Des réformes fondées sur des preuves et des ambitions claires
À l’issue des trois jours de travaux, les participants ont formulé une série de recommandations ambitieuses :
- L’augmentation progressive de la taxe spécifique minimale jusqu’à 15 000 FCFA pour 1 000 cigarettes ;
- L’application uniforme de cette fiscalité aux produits importés et locaux ;
- Le renforcement du dialogue au niveau de la CEMAC sur les droits d’accise ;
- La création d’un groupe technique national dédié à la fiscalité du tabac ;
- La mise en place d’un système permanent de suivi-évaluation ;
- Le renforcement de la disponibilité des données fiscales et commerciales ;
- L’accélération de la création d’un Fonds national de lutte contre le tabac ;
- Le développement d’un système national de traçabilité des produits du tabac.

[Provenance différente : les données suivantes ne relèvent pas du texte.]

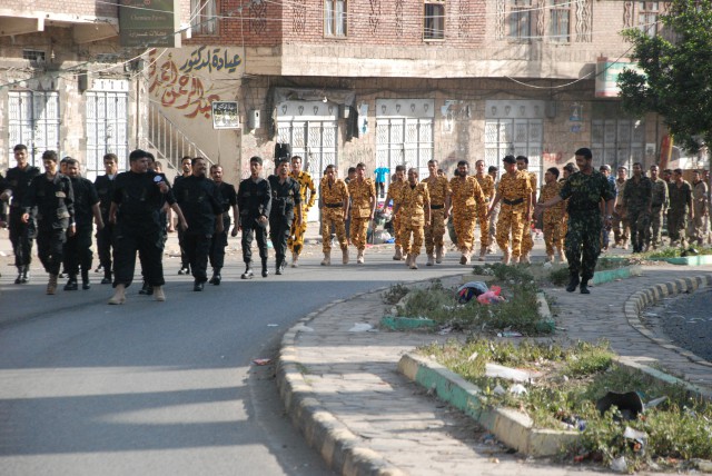 نُظم اليوم السبت عرض عسكري للوحدات الأمنية واللجان الشعبية في امانة العاصمة صنعاء.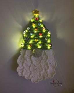 This fun and festive crochet pattern features a light up Christmas tree hat and motif white beard.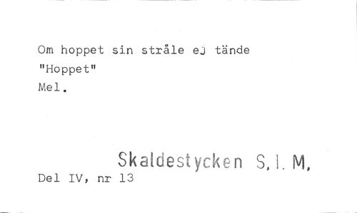 //// Om hoppet sin stråle ej tände "Hoppet" //// Mel. //// Skaldestycken S, 1. M, //// Del IV, nr 13 ////
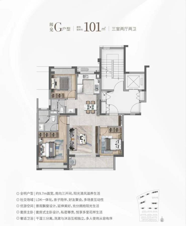 市面上90㎡左右户型两房居多,华发海上都荟建面约91㎡直接3房一步到位,并且有2卫配置,主卧进阶套房,功能性远超同价位竞品!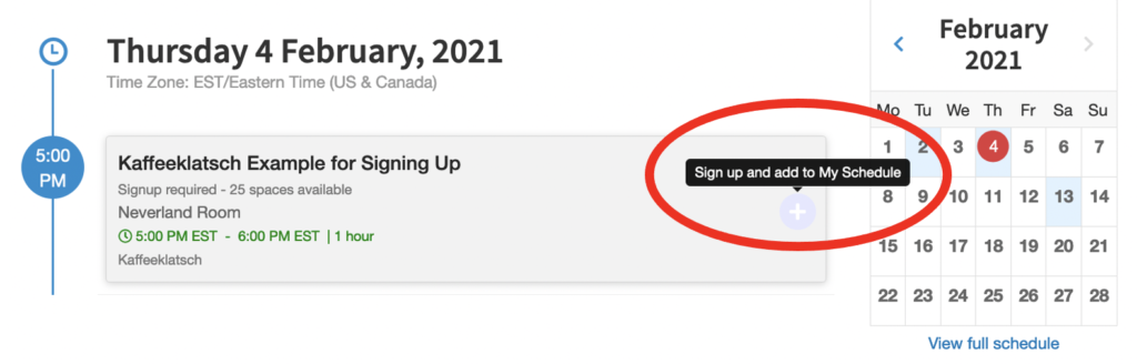 This post has been edited to include images related to signing up for a kaffeeklatsch.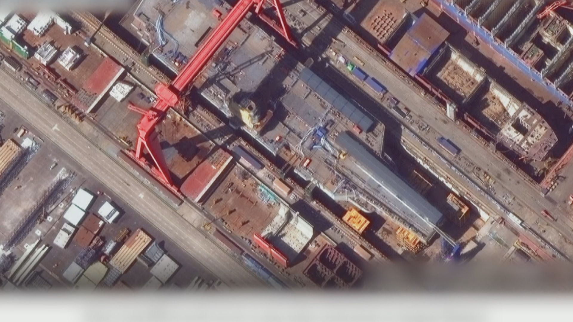 《CNN》主播表示:「中國正在以戲劇性的速度增強軍事實力,這張衛星圖顯示,這艘航母最快明年就可以下水。」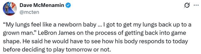 詹姆斯表示,会根据今天身体的反应,来决定明天是否出战。詹姆斯还说恢复到成年人的体能水平,只有通过上场比赛才能实现。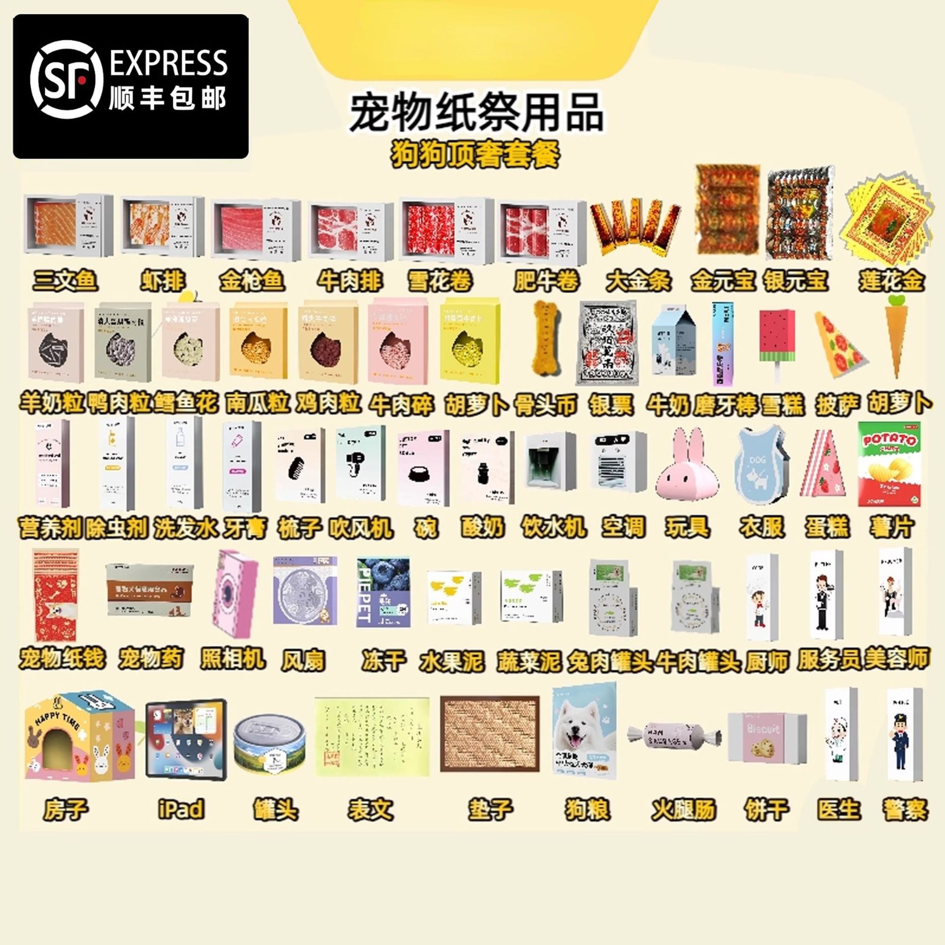 宠物祭祀贡品狗狗头七猫咪全套宠物纸烧宠物贡品清明节周年纸钱祭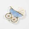 A classic for baby boy celebrations, our light-blue stroller napkins feel timeless with dainty florals and golden wheel details, darling at sip-and-see spreads and dessert tables.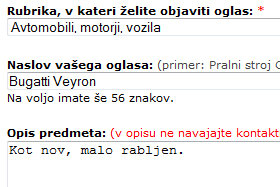 Spodaj določite še rubriko, naslov in opis predmeta v polje Naslov vašega oglasa.

Ces mesures s’accompagneront d’une intensification des campagnes de sensibilisation, notamment auprès des jeunes, et d’un accompagnement des producteurs de tabac vers des cultures alternatives. La lutte contre le commerce illicite et la mise en œuvre du Protocole pour éliminer le commerce illicite des produits du tabac seront également prioritaires.
Un engagement collectif pour un avenir plus sain
Le Dr Colette Taka Joro, Secrétaire Permanent du Comité National de Lutte contre la Drogue, a insisté sur l’importance des dialogues de haut niveau avec le gouvernement, les parlementaires et tous les acteurs concernés pour accélérer l’adoption de ces réformes et en garantir l’appropriation.
En clôturant l’atelier, le Dr Hassan Ben Bachir, Directeur de la Promotion de la Santé au ministère de la Santé publique, a résumé l’esprit des trois journées : « La fiscalité du tabac n’est pas qu’un simple mécanisme de collecte de recettes. C’est un investissement dans la santé des Camerounais. En protégeant les jeunes contre l’initiation au tabagisme et en renforçant durablement le financement de notre système de santé, nous bâtissons un avenir plus sain pour tous. Les recommandations issues de cet atelier constituent une feuille de route solide pour traduire les données scientifiques en politiques publiques concrètes. »
À Mbankomo, une conviction unanime a émergé : la fiscalité du tabac est bien plus qu’une question budgétaire. C’est un instrument de prévention, un mécanisme de protection des jeunes, un outil de mobilisation des ressources nationales et un investissement durable dans le capital humain du pays. Les données analysées durant l’atelier démontrent qu’une fiscalité plus ambitieuse peut simultanément réduire la consommation, sauver des vies, alléger le poids des maladies non transmissibles et générer des ressources substantielles pour financer les priorités sanitaires nationales.
Chaque hausse de taxe représente des milliers de vies sauvées. Chaque réforme fondée sur des preuves concrètes dessine un Cameroun où moins de jeunes commencent à fumer, où les familles sont mieux protégées contre les conséquences du tabagisme, et où le système de santé dispose des moyens nécessaires pour répondre durablement aux besoins de la population. En faisant de la fiscalité du tabac un levier stratégique de santé publique et de financement durable, le Cameroun a l’opportunité d’investir aujourd’hui dans la santé des générations futures.